Why Would a County Commissioner Say, "We Do Not Live in a Democracy"?
It's a Republican talking point. What's going on?
After last fall’s election, all five of our County Commissioners are now Republicans. As part of an absolute majority on the Board, some of them have boldly applied their personal preferences to decisions on county issues.
Recently Commissioner Larry Chapman aired his political philosophy. “I’d like to remind people we do not live in a democracy,” he said.
He was objecting to the completion of a public exercise trail on a railroad bed in parts of the county where it would run next to private properties.
Commissioner Chapman: “I’d like to remind people we do not live in a democracy. The majority does not rule in the United States. We are a representative republic.”
Commissioner McCall: “Amen.”
Commissioner Chapman: “That’s why we are up here to represent all the people of this county. Maybe we ought to [find out], not that it would mean anything , what percent [of the citizens] wants a trail and what doesn’t.
“I’m not taking a strong position on the trail, it doesn’t really impact me, but it does impact people.
“I just want to remind people we’re a representative republic, not a democracy where the mob or whatever majority wants to dictate over the minority in this country.”
Chapman was repeating a conservative talking point. But why are Republicans delegitimizing democracy right now? It turns out there’s a reason.
Liberal ideas about inclusive democracy threaten exclusive Republican values.
Writing for the Heritage Foundation, a conservative public policy think tank, Bernard Dobski said in 2020,
America is a republic and not a pure democracy. The contemporary efforts to weaken our republican customs and institutions in the name of greater equality, run against the efforts by America’s Founders to defend our country from the potential excesses of democratic majorities.
Marcus Johnson of Only Sky said that Dobski “is arguing for a form of minority rule that avoids the concept that all people are created equal.”
Republicans are losing ground in America.
As Jennifer Rubin wrote this week,
The group that has declined the most is at the core of the MAGA movement, the group most devoted to Christian nationalism. As recently as 2006, white evangelical Protestants comprised nearly one-quarter of Americans (23%). Today, they are only 13.6%.
So Republicans discount the scary “majority mob rule” of democracy in order to elevate their moral majority (now minority) back into power.
Prepare yourself. There’s another, more factual, reading for Chapman’s statement, that America is not a democracy.
Thanks to gerrymandering and voting restrictions among other things, today’s Republicans are in control of the U. S. Supreme Court, the U. S. House, the North Carolina State Legislature and State Supreme Court, our county Commission Board, and they have a 4-1 majority on our School Board.

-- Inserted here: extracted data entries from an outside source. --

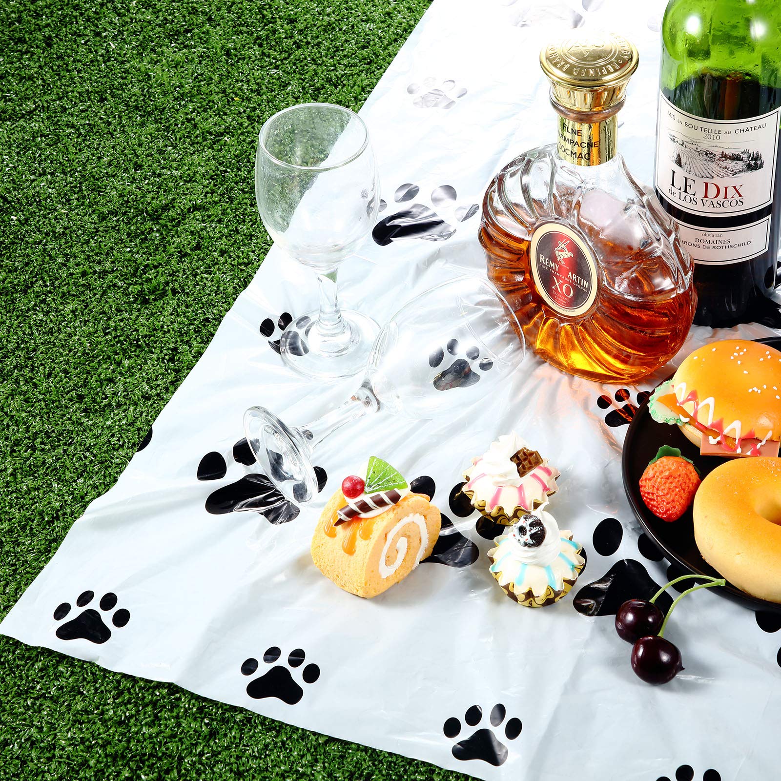 Dog birthday decor: 2 pcs dog paw print tablecloths, these adorable puppy party table covers are suitable complement for many puppy themed party decorations, bring a fun touch to your kids' birthday decor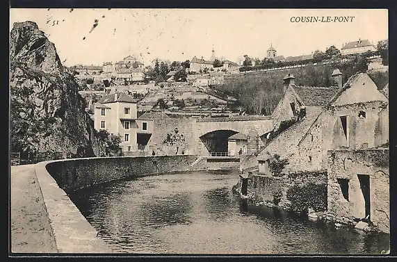 AK Cousin-le-Pont, Vue du pont et des maisons au bord de la rivière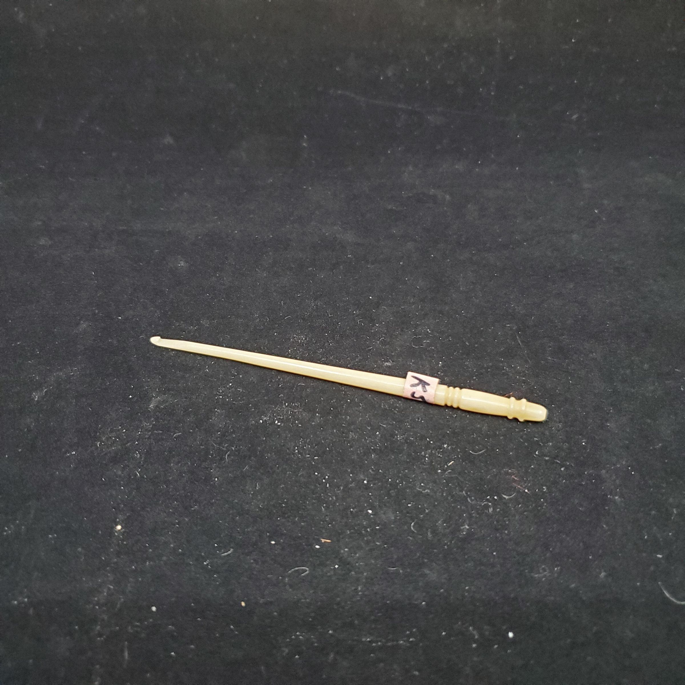 Bone crochet hook with indented line design on handle.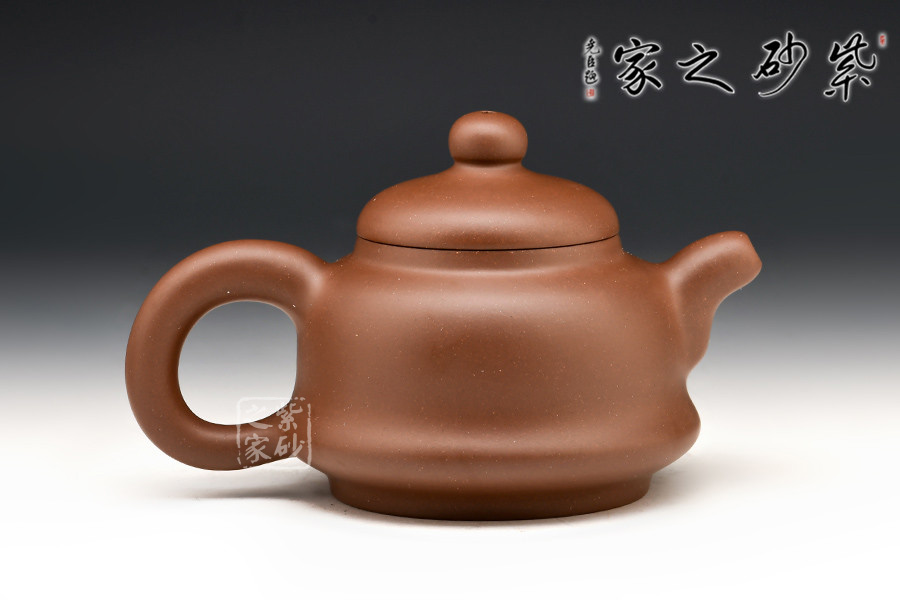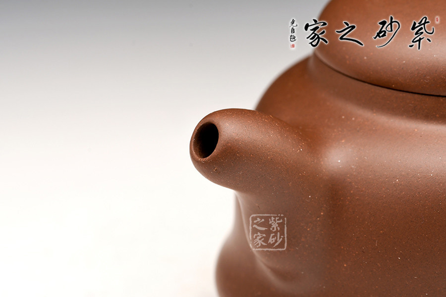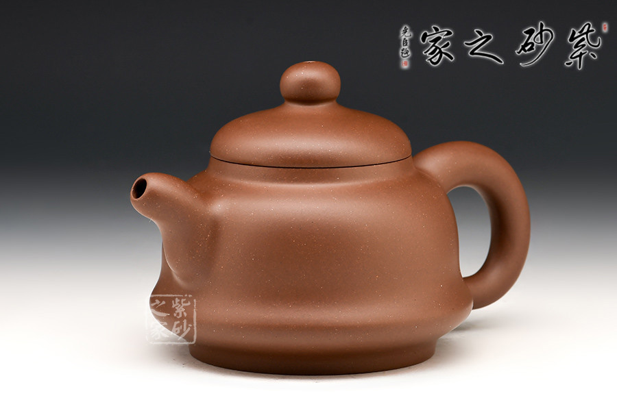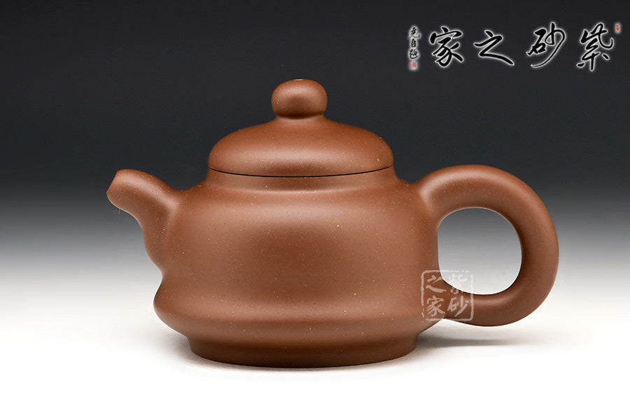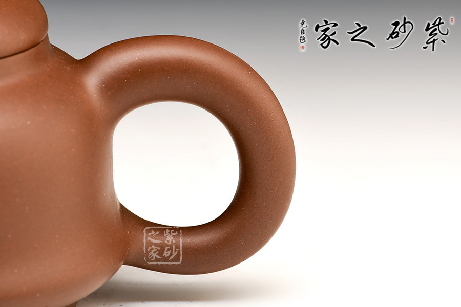 這款“古鐘”,以古代鐘為形,壺身輪廓柔和,比例協(xié)調(diào)。壺底加圈足,和壺頸部上下對應(yīng),優(yōu)雅氣韻由此頓生。壺蓋飽滿圓潤鼓起,蓋上的圓珠壺鈕圓滑可愛,精妙可人。彎嘴胥出自然,出、斷水利落,圈形壺把形態(tài)優(yōu)美,與壺嘴兩相對應(yīng),更顯此壺特別的味道。

Here’s what Stephen Colbert said about the heavily conservative-tilting U. S. Supreme Court in 2021:
“I don’t want to get too technical but we, what’s the word, don’t live in a democracy.”
He reminded his audience that five of the nine justices were appointed by presidents who lost the popular vote.
But I believe that democratic values — equality before the law, protection of human rights, and a two-party fair voting system — will win in the end, because most of us in America want them, and because now more of us are saying so.
Heather Cox Richardson recently said,
Your voice couldn’t be more important. The time to make noise is now, before November 2024, not after.
I couldn’t agree more.
They don't like the word democracy because it's similar to the word democrat. When they say we don't live in a democracy, come back with "we live in a representative democracy". They don't like that either, but it's hard to argue against.
Thanks for this, Deda. Larry Chapman states the obvious -- we don't live in a democracy. That Chapman and his GOP cronies so proudly & gleefully enjoy their entitlement as white Christian men reflects pitifully & shamefully on the moral intelligence of a significant block of the American citizenry.